Required action: Copying exactly, give the lines in the material below from the one with "Nach einer Minute" to the one with "N10SG 是 一 款", ends included, and nothing besides.

[[ Available records open ]]

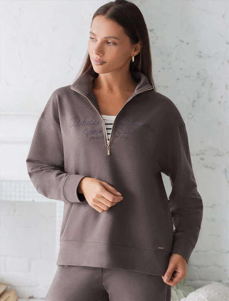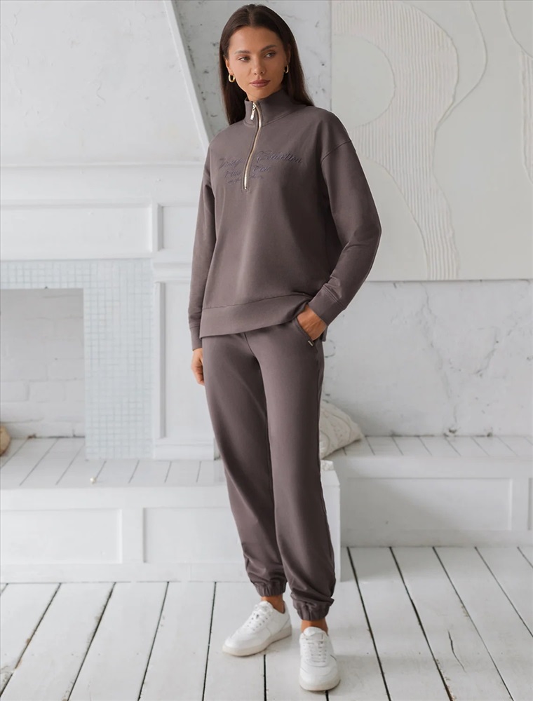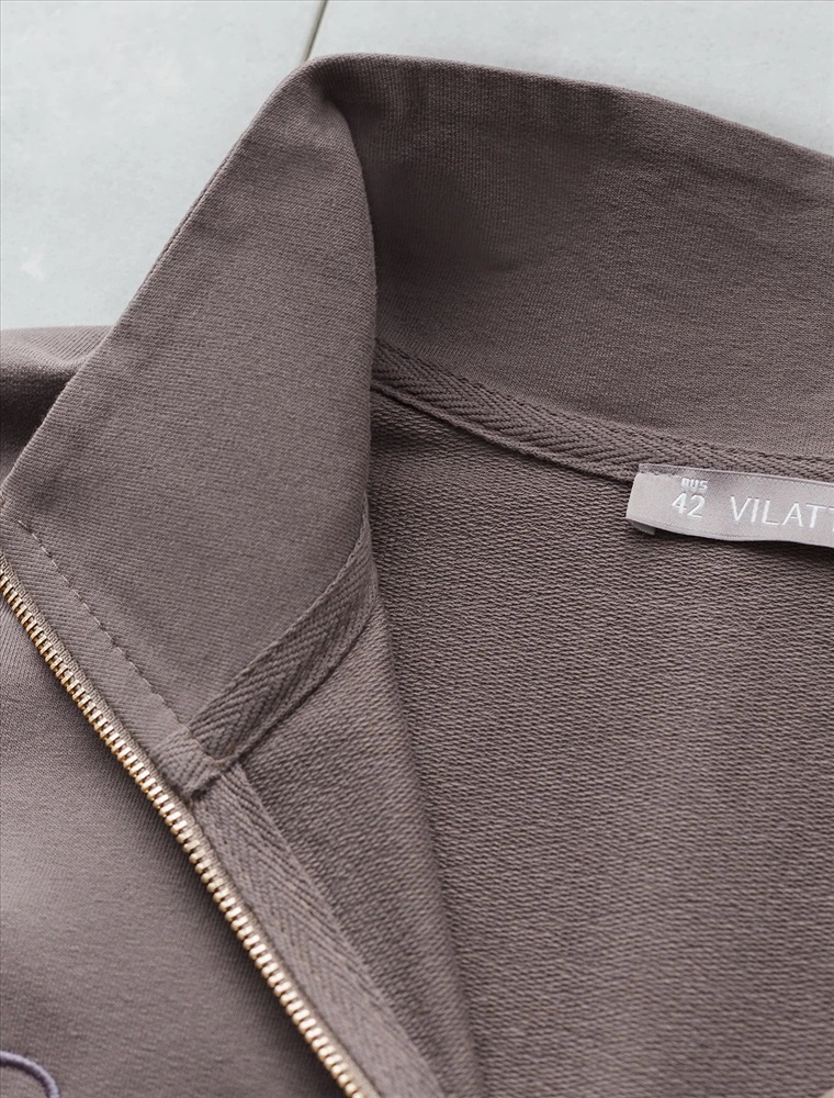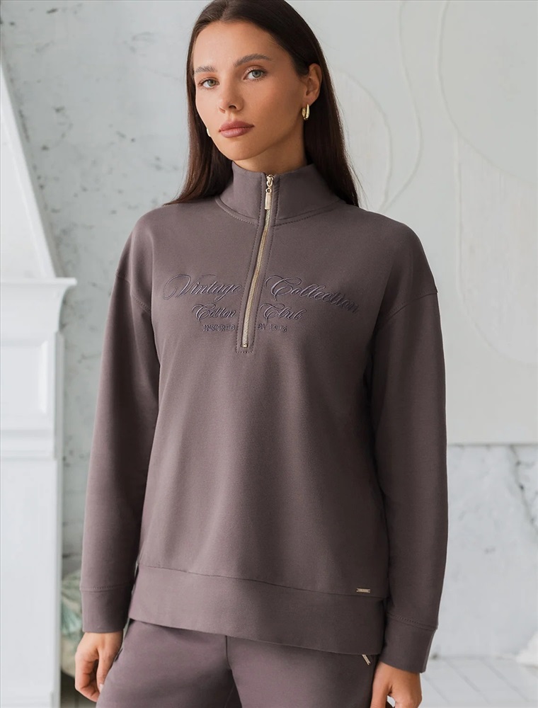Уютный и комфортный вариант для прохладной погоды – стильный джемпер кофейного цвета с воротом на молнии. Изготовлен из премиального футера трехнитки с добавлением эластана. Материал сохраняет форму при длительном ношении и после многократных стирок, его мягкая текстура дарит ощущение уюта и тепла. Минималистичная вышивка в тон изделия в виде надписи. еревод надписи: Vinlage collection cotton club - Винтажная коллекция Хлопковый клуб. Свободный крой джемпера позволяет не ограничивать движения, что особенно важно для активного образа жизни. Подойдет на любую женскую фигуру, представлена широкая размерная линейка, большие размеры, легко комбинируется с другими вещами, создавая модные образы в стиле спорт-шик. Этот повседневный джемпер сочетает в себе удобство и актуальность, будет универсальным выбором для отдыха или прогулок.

[[ Available records closed ]]
[[ Available records open ]]

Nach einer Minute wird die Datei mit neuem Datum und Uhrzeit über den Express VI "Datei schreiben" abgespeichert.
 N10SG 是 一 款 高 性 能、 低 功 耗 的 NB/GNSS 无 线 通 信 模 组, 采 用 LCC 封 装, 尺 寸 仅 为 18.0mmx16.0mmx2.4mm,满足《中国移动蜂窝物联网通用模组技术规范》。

[[ Available records closed ]]

Answer to this exercise:
Nach einer Minute wird die Datei mit neuem Datum und Uhrzeit über den Express VI "Datei schreiben" abgespeichert.
 N10SG 是 一 款 高 性 能、 低 功 耗 的 NB/GNSS 无 线 通 信 模 组, 采 用 LCC 封 装, 尺 寸 仅 为 18.0mmx16.0mmx2.4mm,满足《中国移动蜂窝物联网通用模组技术规范》。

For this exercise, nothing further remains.